=== AVAILABLE DATA ===

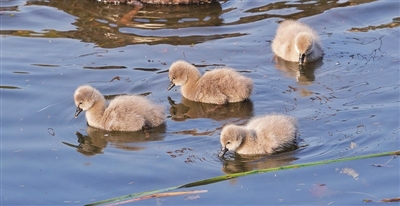 “瞧它们那模样,真是可爱极了!浑身毛茸茸的,就像四个会移动的小绒球。”它们那黑亮的眼睛滴溜溜地转着,满是对新世界的好奇与探索。小天鹅时而歪着脑袋,时而伸着脖子,小翅膀还不时地扑棱两下,那活泼灵动的样子,简直能把人的心都给融化了。它们在水中嬉戏着,一会儿跟在爸爸妈妈的身后,学着它们优雅的划水姿势;一会儿又调皮地你追我赶,溅起一串串小小的水花。那萌萌的神态,让每一个路过的游人都忍不住驻足观看。
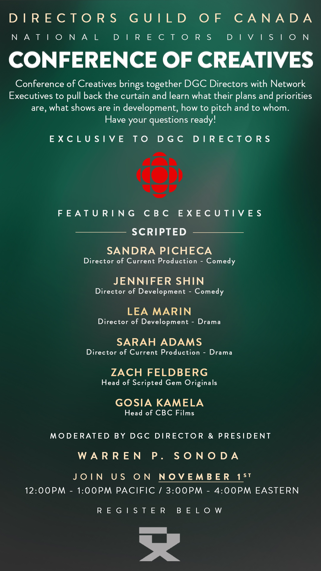 Conference of Creatives brings together DGC Directors with Network Executives to pull back the curtain and learn what their plans and priorities are, what shows are in development, how to pitch and to whom. Have your questions ready!
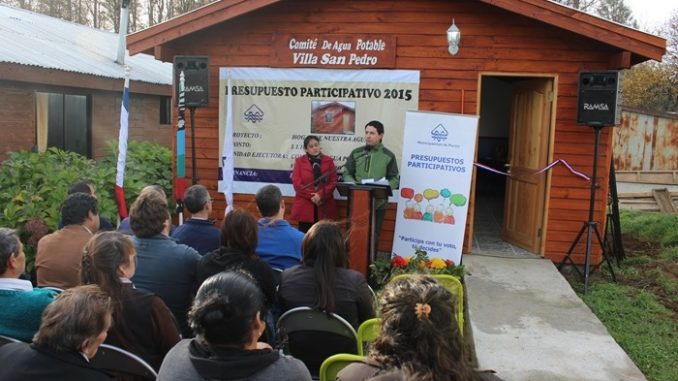 Felices están los vecinos que componen el Comité de Agua Potable Rural de Villa San Pedro, luego que años de trabajo consiguieron inaugurar la nueva sede “Hogar de Nuestras Aguas”, proyecto logrado a través de la iniciativa municipal de los Presupuestos Participativos 2015.
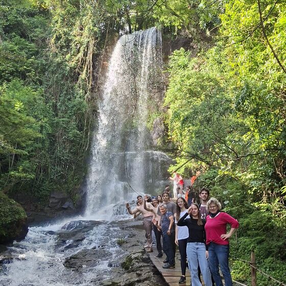 Wir sind eine kurze Strecke auf der Landstraße gefahren um dann auf einen Waldweg zu kommen, ab da durften wir auch auf dem Dach des Vans oben drauf sitzen. Diese Erfahrung war für uns alle einmalig und ein absolutes Highlight der ganzen Reise. Vom Dach aus war die Aussicht auf das Gebirge von San Miguel sehr überwältigend. Man konnte die Natur gut überblicken und das Wetter war angenehm sonnig. An unserem ersten Zwischenstopp angekommen, haben wir die Bullis stehen gelassen und sind in den Wald gewandert. Nach schon wenigen Minuten sind wir an unserem ersten Ziel angekommen: ein Wasserfall. Dieser war wirklich wunderschön und sehr beeindruckend, das Wasser war ziemlich klar und einige von uns sind auch schwimmen gegangen. Danach sind wir zum nächstgelegenen Wasserfall oberhalb des anderen gegangen.
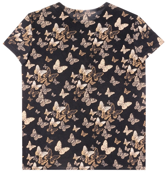 Футболка на фото выглядит эффектно, кажется, что тиснение бабочки с позолотой, на самом деле очень простенькая, бабочки просто серенькие, в общем не оправдала моих ожиданий, но это мое субъективное мнение. Пришлось вернуть. Флипу спасибо за доставку и понимание.
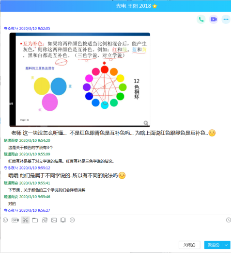 线上教学对于大多数教师来说还是比较新的教学形式,很多老师之前没有接触过,线上教学效果面临挑战。因此开课前,宋朋主任组织光电系老师参加学校和学院组织的各类线上教学技能和软件平台使用培训,交流线上教学经验,确保每一门课程都能顺利开展线上教学。目前光电系所负责的所有课程,采用钉钉直播、雨课堂、QQ屏幕分享、必赢76net线路官网网络课程平台、微视频等形式,结合QQ课程群和微信群,进行线上线下结合混合式教学。在不断探索总结中,光电系老师逐步熟悉线上教学的特点、掌握线上教学的技能,网络教学效果逐步提高。
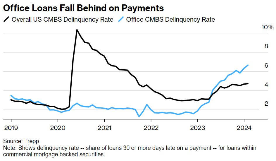 For the first time since the financial crisis, AAA-rated commercial mortgage-backed securities (CMBS) are experiencing significant losses. This is highlighted by the recent performance of a $308 million note secured by a mortgage on the 1740 Broadway building in Manhattan. Investors received back less than 75% of their initial investment, marking a historic post-crisis loss for top-rated bonds, as reported by Barclays Plc. Lower-tier creditors faced total losses. This event underscores the severe distress in segments of the US commercial real estate market, particularly older office buildings with a single anchor tenant, such as 1740 Broadway. Analysts predict more losses as additional loans are sold at significant discounts. With $700 billion in non-agency CMBS and $3 trillion in commercial mortgages on bank balance sheets, even minor increases in losses could impact the financial system long-term, though a repeat of the 2008 financial crisis is not expected. The delinquency rate for office loans in CMBS reached 6.4% in April, the highest since 2018, while 31% of all office loans in CMBS were distressed as of March, up from 16% the previous year, according to KBRA Analytics. Cities like Chicago and Denver are particularly affected, with delinquency rates of 75% and 65%, respectively. Factors contributing to these losses include rising interest rates and decreasing cash flow, resulting in significant equity losses and impaired secured debt investments, according to Harold Bordwin of Keen-Summit Capital Partners. Industry experts warn that similar losses may affect other AAA-rated CMBS tied to malls and office spaces. The ongoing challenges in the commercial real estate market are expected to extend, affecting numerous office deals and revealing hidden risks in the market.
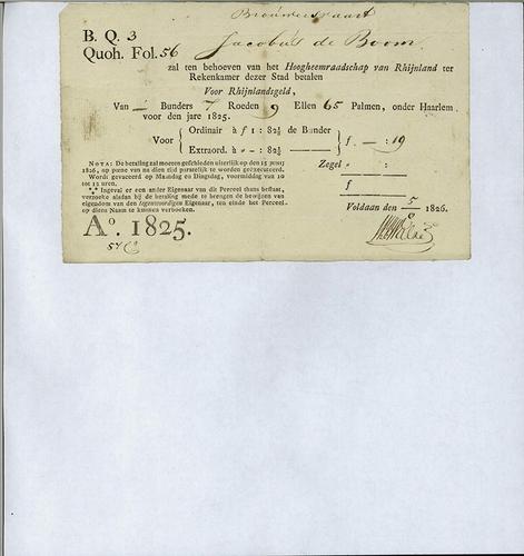 Aanslagbiljet, grondbelasting, 1825
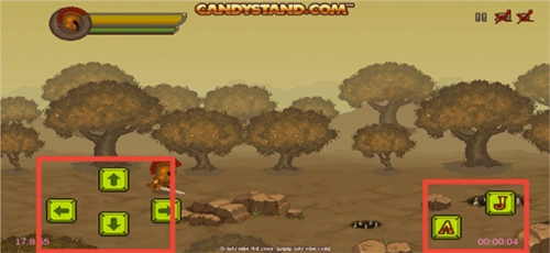 2、进入后,左侧的上下左右按钮用于操控角色移动,右侧的A键对应攻击功能,J键则负责跳跃操作。
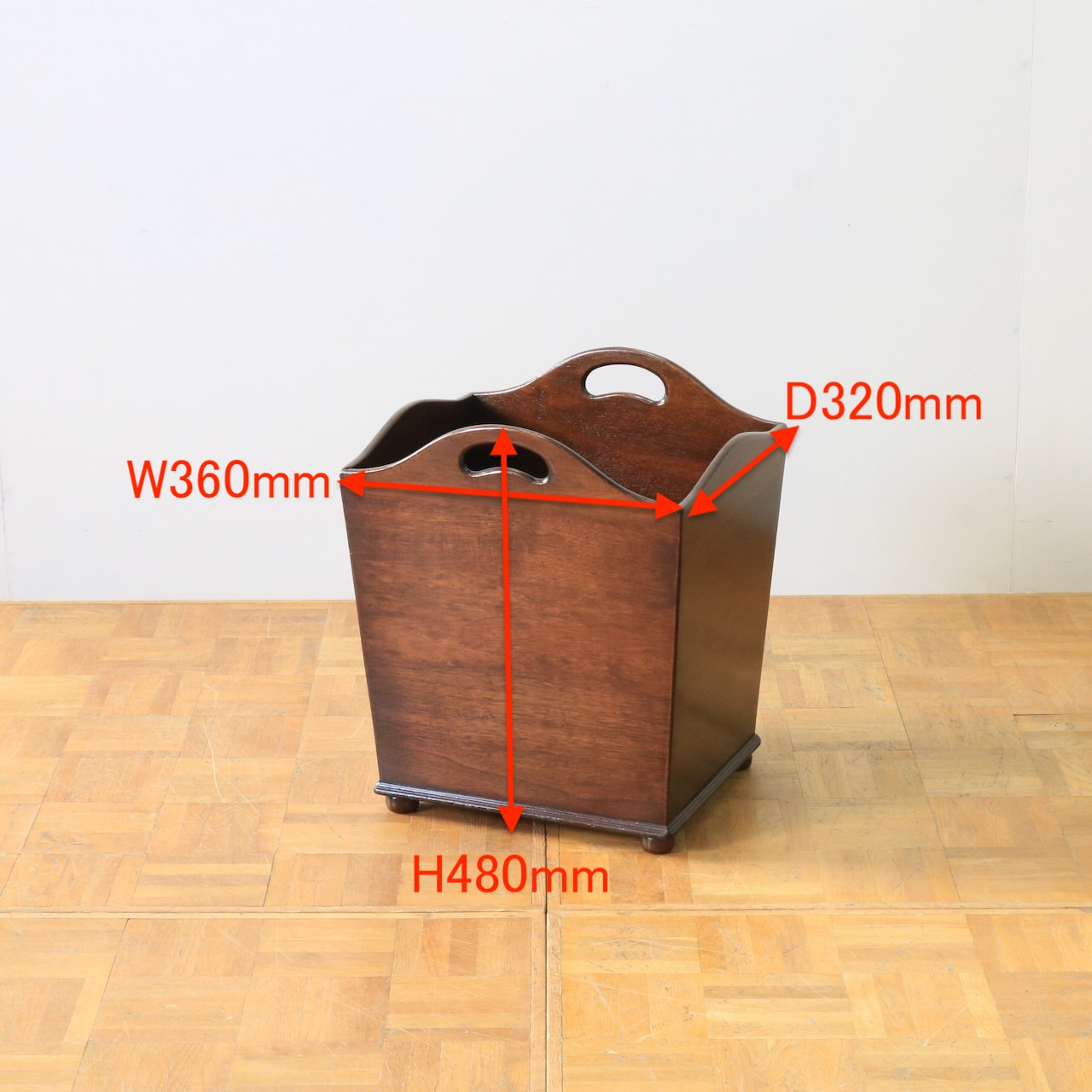マホガニーのマガジンラック。シンプルな形が潔い雰囲気を醸し出しています。正方形に近い形は雑誌や新聞だけでは無く、収納ボックスやプランツカバーとしてもお使い頂けます。
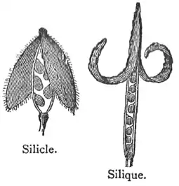 Silicle, sil′i-kl, n. (bot.) a seed-vessel shorter and containing fewer seeds than a silique—also Sil′icule, Silic′ula.—adj. Silic′ulōse (bot.), having, pertaining to, or resembling silicles: husky.—ns. (bot.) Silique (si-lēk′), Sil′iqua, the two-valved elongated seed-vessel of the Cruciferæ.—adjs. Sil′iquiform, Sil′iquose, Sil′iquous (bot.), pertaining to, resembling, or bearing siliques. [L. silicula, dim. of siliqua, a pod.]
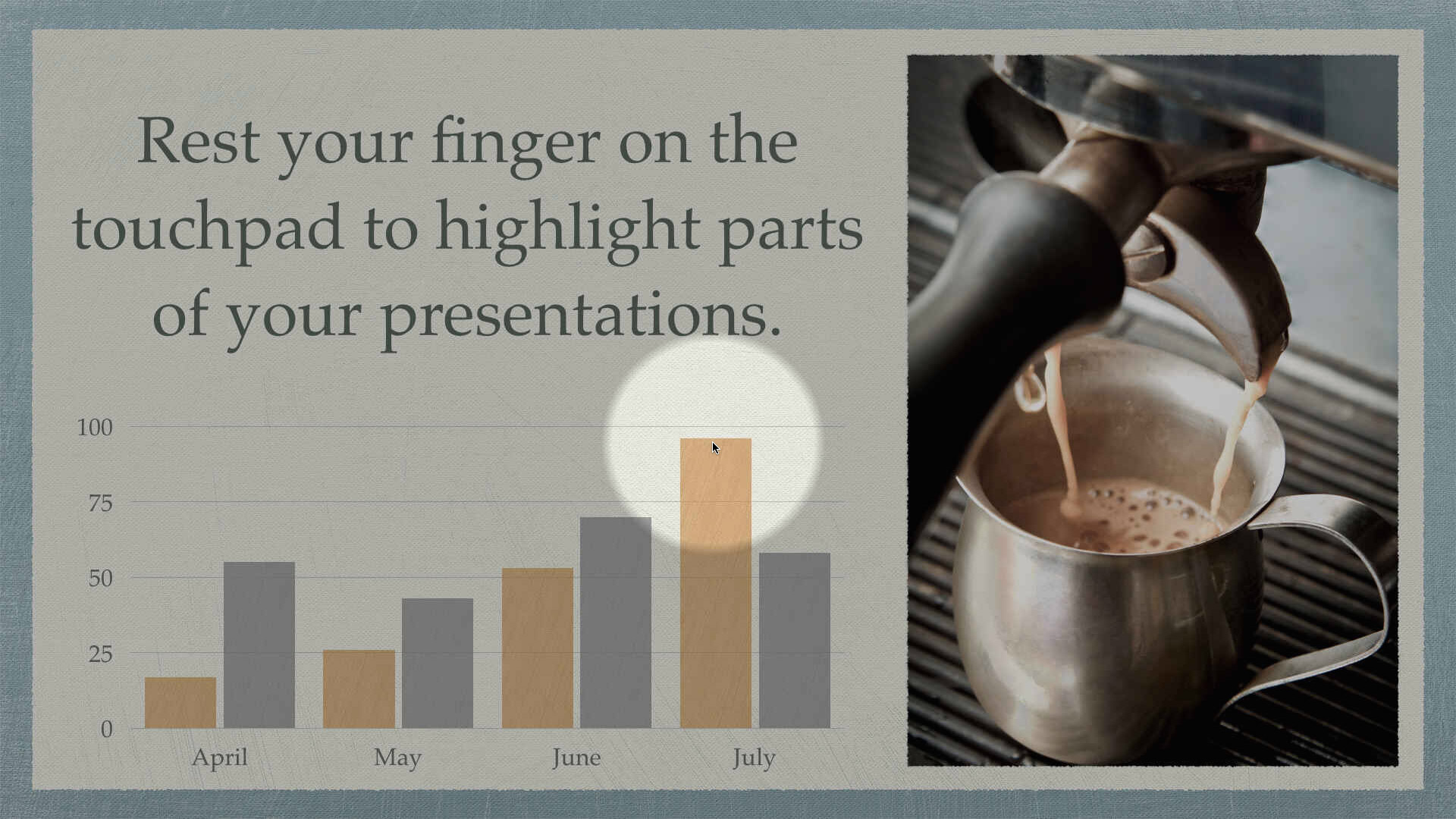 While in trackpad mode, rest a finger on the remote's touchpad for two seconds to highlight the area around the mouse cursor. When you're done, just lift the finger for two seconds and the highlight effect disappears. A terrific tool to bring more life and expression to presentations - or just locate the mouse cursor on screen.
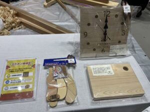 抽選会では、広葉樹の時計や、ヒノキのカッティングボード、南三陸杉で作ったポンポンなど、みのり建築舎らしい景品をご用意しました。
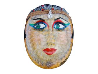Janet Fikany is an instructor for the John Casablancas Modeling Agency with makeup credits including Sundance Film submissions, Warner Bros. Studios and other theatrical makeup. Her mask, ?The Bali Babe,? was inspired by the beautiful Balinese dancers. Because she?s a makeup artist, she used MAC makeup pigments blended into the paint.
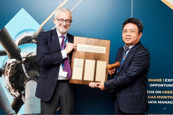 PGS.TS Phạm Anh Tuấn (phải) thay mặt Việt Nam nhận nhiệm vụ Chủ tịch CEOS. |
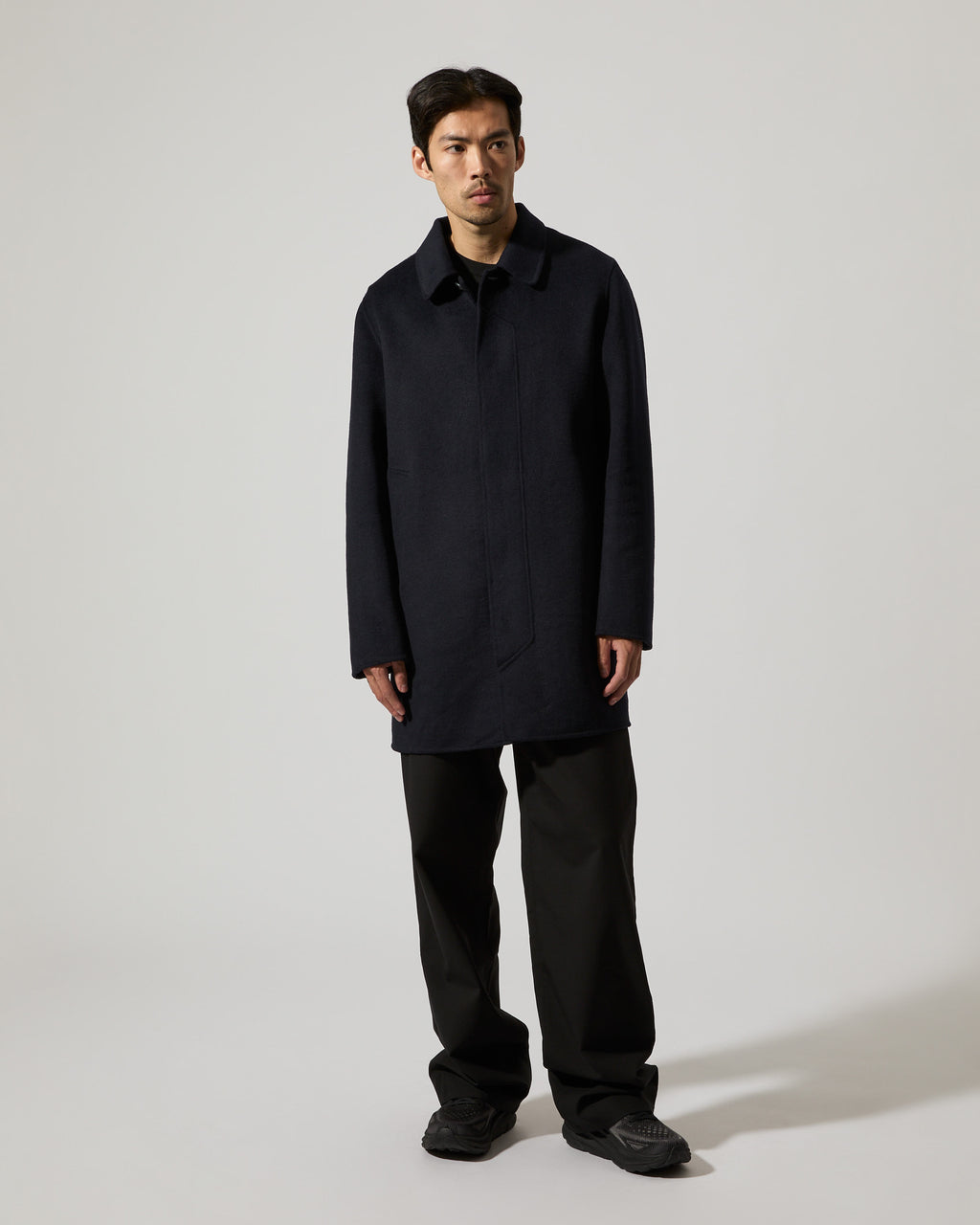 Crafted in a recycled wool blend, certified by the Global Recycle Standard, with a slight brushed finish soft to the touch. T-Coat Wool is a car coat cut at mid-length with a classic silhouette and a regular collar. Featured with simple detailing which creates a clean and minimalistic look. Concealed buttons at front closure, except top button.

===

Look through the material above. Transcribe exactly the lines between the ones with "Aanslagbiljet, grondbelasting, 1825" and "抽選会では、広葉樹の時計や、", inclusive, and keep pictures out.

RESULT FOR THIS TASK:
 Aanslagbiljet, grondbelasting, 1825
 2、进入后,左侧的上下左右按钮用于操控角色移动,右侧的A键对应攻击功能,J键则负责跳跃操作。
マホガニーのマガジンラック。シンプルな形が潔い雰囲気を醸し出しています。正方形に近い形は雑誌や新聞だけでは無く、収納ボックスやプランツカバーとしてもお使い頂けます。
 Silicle, sil′i-kl, n. (bot.) a seed-vessel shorter and containing fewer seeds than a silique—also Sil′icule, Silic′ula.—adj. Silic′ulōse (bot.), having, pertaining to, or resembling silicles: husky.—ns. (bot.) Silique (si-lēk′), Sil′iqua, the two-valved elongated seed-vessel of the Cruciferæ.—adjs. Sil′iquiform, Sil′iquose, Sil′iquous (bot.), pertaining to, resembling, or bearing siliques. [L. silicula, dim. of siliqua, a pod.]
 While in trackpad mode, rest a finger on the remote's touchpad for two seconds to highlight the area around the mouse cursor. When you're done, just lift the finger for two seconds and the highlight effect disappears. A terrific tool to bring more life and expression to presentations - or just locate the mouse cursor on screen.
 抽選会では、広葉樹の時計や、ヒノキのカッティングボード、南三陸杉で作ったポンポンなど、みのり建築舎らしい景品をご用意しました。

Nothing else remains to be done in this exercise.